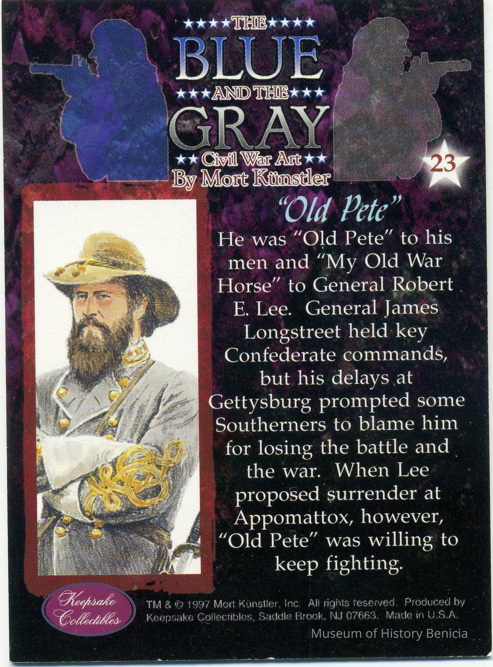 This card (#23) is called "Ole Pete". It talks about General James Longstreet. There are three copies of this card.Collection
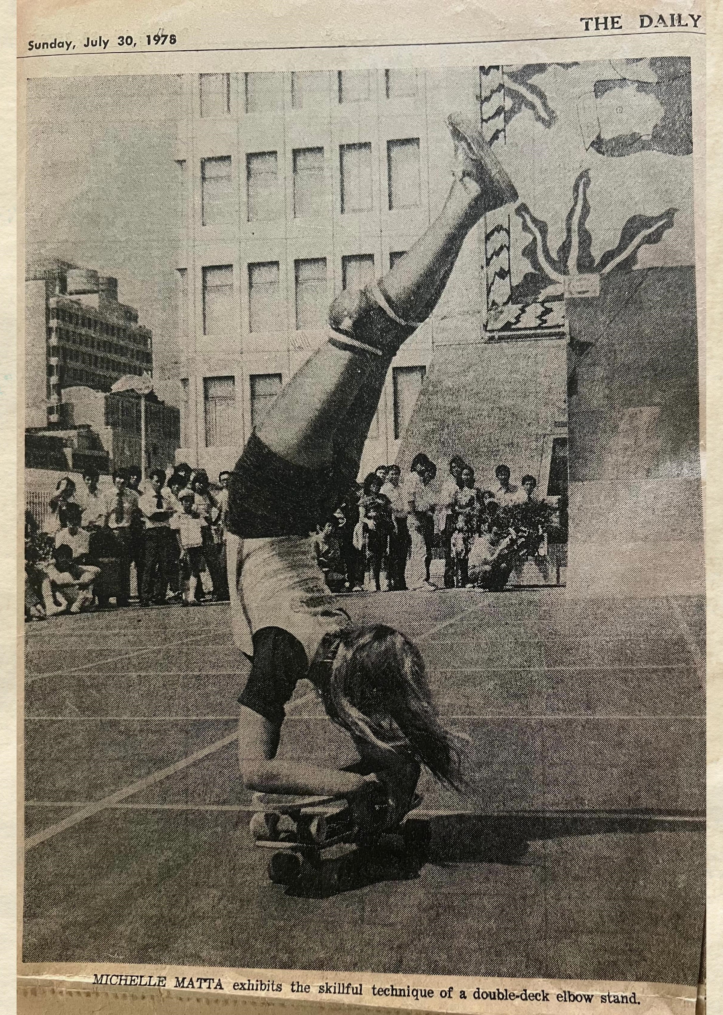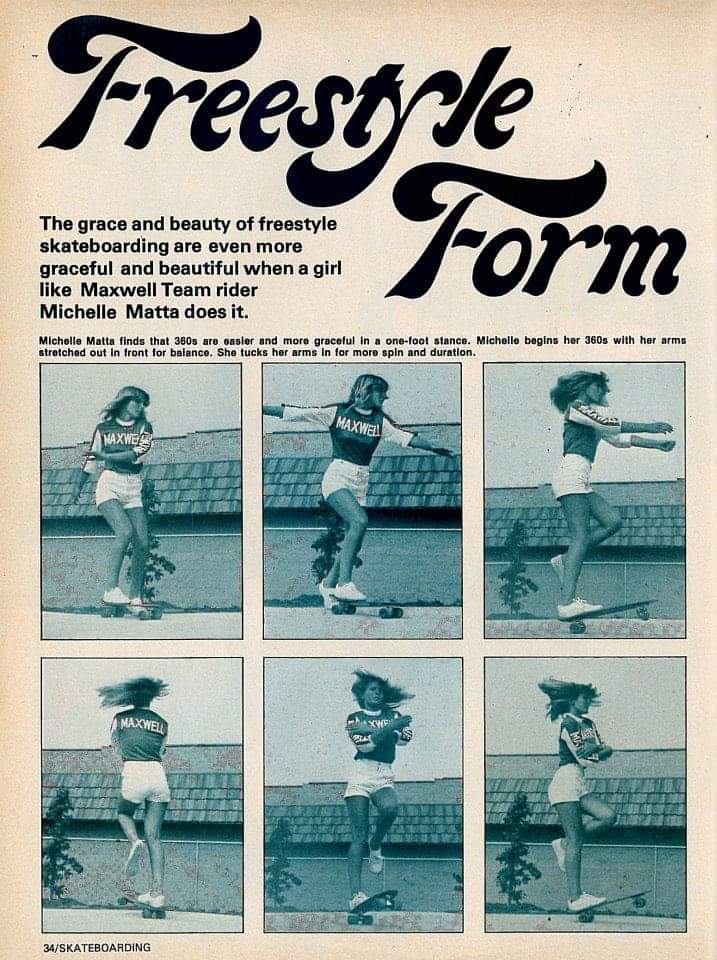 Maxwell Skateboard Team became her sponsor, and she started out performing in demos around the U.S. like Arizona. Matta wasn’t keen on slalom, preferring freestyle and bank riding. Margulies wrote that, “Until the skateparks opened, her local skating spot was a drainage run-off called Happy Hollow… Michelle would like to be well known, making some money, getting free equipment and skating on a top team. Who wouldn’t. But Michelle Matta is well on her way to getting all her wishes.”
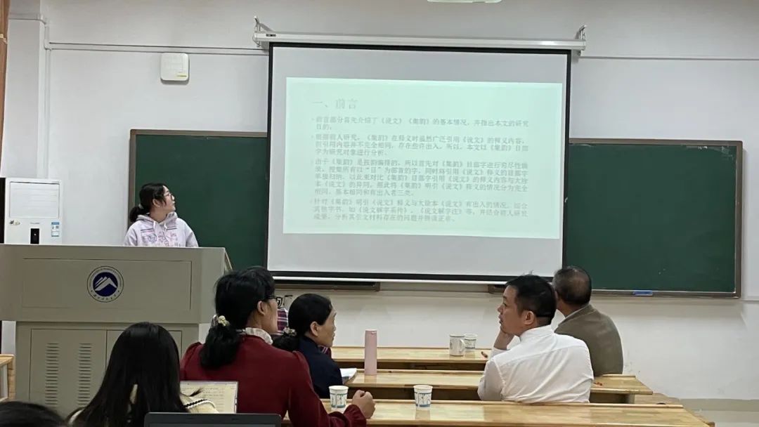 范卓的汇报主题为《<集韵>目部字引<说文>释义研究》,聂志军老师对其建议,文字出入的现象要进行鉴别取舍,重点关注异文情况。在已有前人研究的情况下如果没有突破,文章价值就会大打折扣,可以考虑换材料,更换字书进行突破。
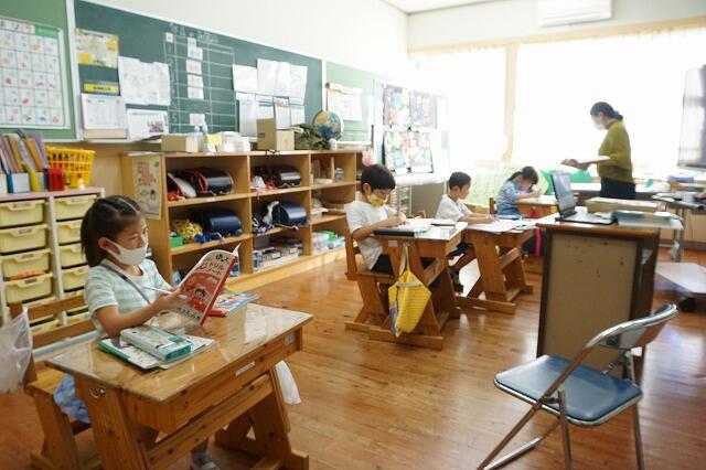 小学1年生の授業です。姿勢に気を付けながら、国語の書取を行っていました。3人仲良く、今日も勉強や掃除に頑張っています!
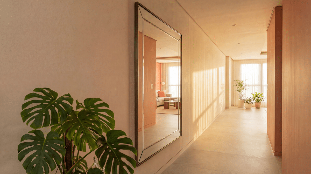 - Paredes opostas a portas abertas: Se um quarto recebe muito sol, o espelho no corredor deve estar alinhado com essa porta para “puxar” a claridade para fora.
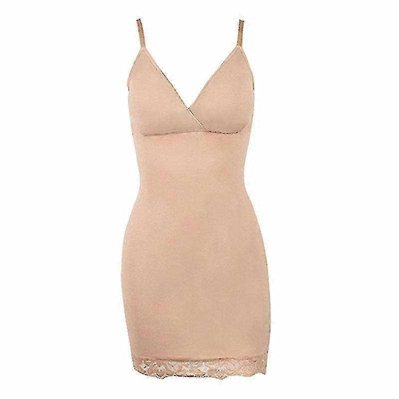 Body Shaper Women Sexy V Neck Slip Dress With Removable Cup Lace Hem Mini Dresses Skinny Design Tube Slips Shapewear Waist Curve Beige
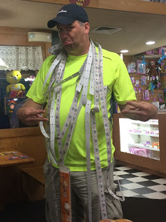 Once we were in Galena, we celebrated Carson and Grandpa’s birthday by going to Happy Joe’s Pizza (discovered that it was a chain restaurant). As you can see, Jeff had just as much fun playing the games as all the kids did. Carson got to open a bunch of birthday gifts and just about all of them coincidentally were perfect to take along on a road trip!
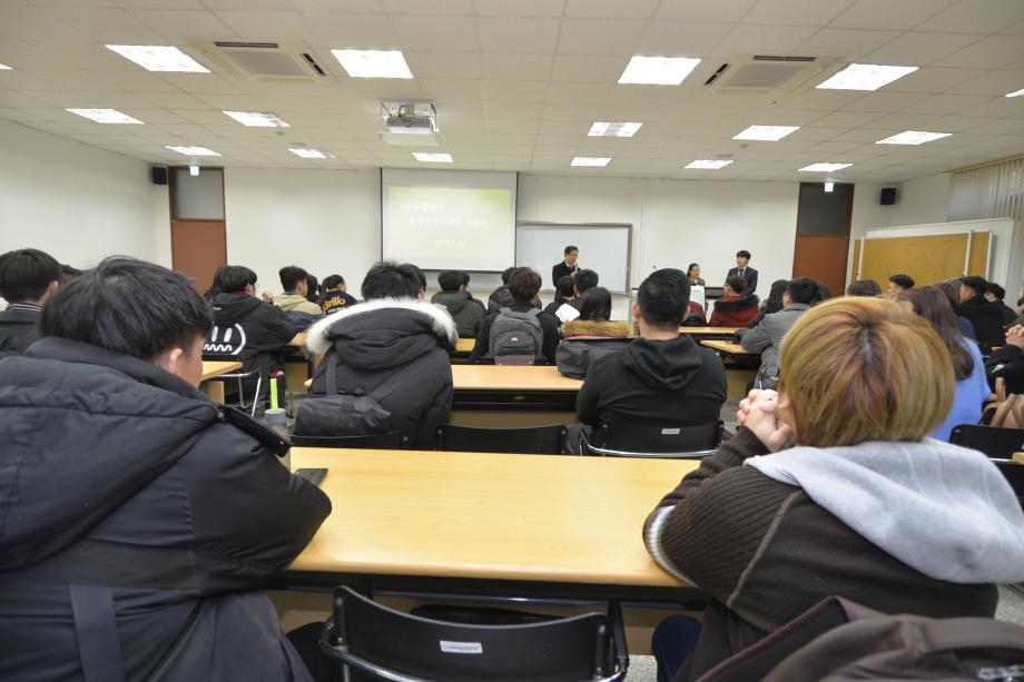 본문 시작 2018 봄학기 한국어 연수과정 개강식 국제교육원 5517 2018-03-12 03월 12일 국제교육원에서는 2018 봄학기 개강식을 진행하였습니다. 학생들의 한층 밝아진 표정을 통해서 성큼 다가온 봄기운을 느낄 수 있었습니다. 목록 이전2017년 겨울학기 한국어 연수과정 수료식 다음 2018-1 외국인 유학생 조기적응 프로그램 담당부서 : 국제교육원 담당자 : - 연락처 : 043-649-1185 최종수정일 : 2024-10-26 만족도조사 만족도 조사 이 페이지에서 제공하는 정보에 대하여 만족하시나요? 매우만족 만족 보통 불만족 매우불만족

------------------------------------------------------------------------

**Directions**
Retype exactly. Include each line from the start of the material through the line holding "Once we were", and leave the pictures out.

**Response to the task**
 This card (#23) is called "Ole Pete". It talks about General James Longstreet. There are three copies of this card.Collection
 Maxwell Skateboard Team became her sponsor, and she started out performing in demos around the U.S. like Arizona. Matta wasn’t keen on slalom, preferring freestyle and bank riding. Margulies wrote that, “Until the skateparks opened, her local skating spot was a drainage run-off called Happy Hollow… Michelle would like to be well known, making some money, getting free equipment and skating on a top team. Who wouldn’t. But Michelle Matta is well on her way to getting all her wishes.”
 范卓的汇报主题为《<集韵>目部字引<说文>释义研究》,聂志军老师对其建议,文字出入的现象要进行鉴别取舍,重点关注异文情况。在已有前人研究的情况下如果没有突破,文章价值就会大打折扣,可以考虑换材料,更换字书进行突破。
 小学1年生の授業です。姿勢に気を付けながら、国語の書取を行っていました。3人仲良く、今日も勉強や掃除に頑張っています!
 - Paredes opostas a portas abertas: Se um quarto recebe muito sol, o espelho no corredor deve estar alinhado com essa porta para “puxar” a claridade para fora.
 Body Shaper Women Sexy V Neck Slip Dress With Removable Cup Lace Hem Mini Dresses Skinny Design Tube Slips Shapewear Waist Curve Beige
 Once we were in Galena, we celebrated Carson and Grandpa’s birthday by going to Happy Joe’s Pizza (discovered that it was a chain restaurant). As you can see, Jeff had just as much fun playing the games as all the kids did. Carson got to open a bunch of birthday gifts and just about all of them coincidentally were perfect to take along on a road trip!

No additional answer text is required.